A northern Indiana police officer’s stop and subsequent arrest of an impaired driver was valid even though the policeman had not taken his oath of office, the Indiana Court of Appeals ruled Friday.
Eberaia Fields was pulled over by Warsaw Police Department officer Miles Reichard on a license-plate light infraction. But because of the stop, he later was charged with Level 6 felony operating a vehicle while intoxicated, two counts of Level 6 felony intimidation, and Class C misdemeanor violation of special-driving privileges. Authorities also charged Fields also as a habitual vehicular substance offender.

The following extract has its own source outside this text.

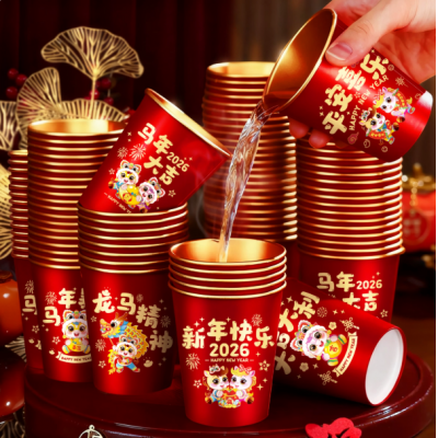 2026马年新款春节纸杯加厚一次性新年过年福字金箔杯子家用批发

Fields filed a motion to dismiss the charges after learning Reichard had not been sworn as an officer at the time of the traffic stop. Fields’ motion was denied in the Kosciusko Superior court, prompting this interlocutory appeal in which the COA affirmed the trial court, citing the de facto officer doctrine. The panel found Fields claimed the office of a Warsaw policeman when he accepted the job and began working for the department.
“We find that Officer Reichard’s failure to take the oath is a technical defect in his title to office. But because the record shows that Officer Reichard claimed the office, was in possession of it, and performed its duties under the color of appointment, we conclude that he was acting as a de facto officer at the time of the stop. We therefore affirm the trial court’s denial of Fields’s motion to dismiss the charges against him,” Chief Judge Nancy Vaidik wrote for the panel in Eberaia Fields v. State of Indiana, 43A03-1704-CR-856.
“To conclude otherwise and to dismiss the charges against Fields would run counter to the very purpose of the de facto officer doctrine, which is to insure the orderly functioning of the government despite technical defects in title to office,” Vaidik wrote.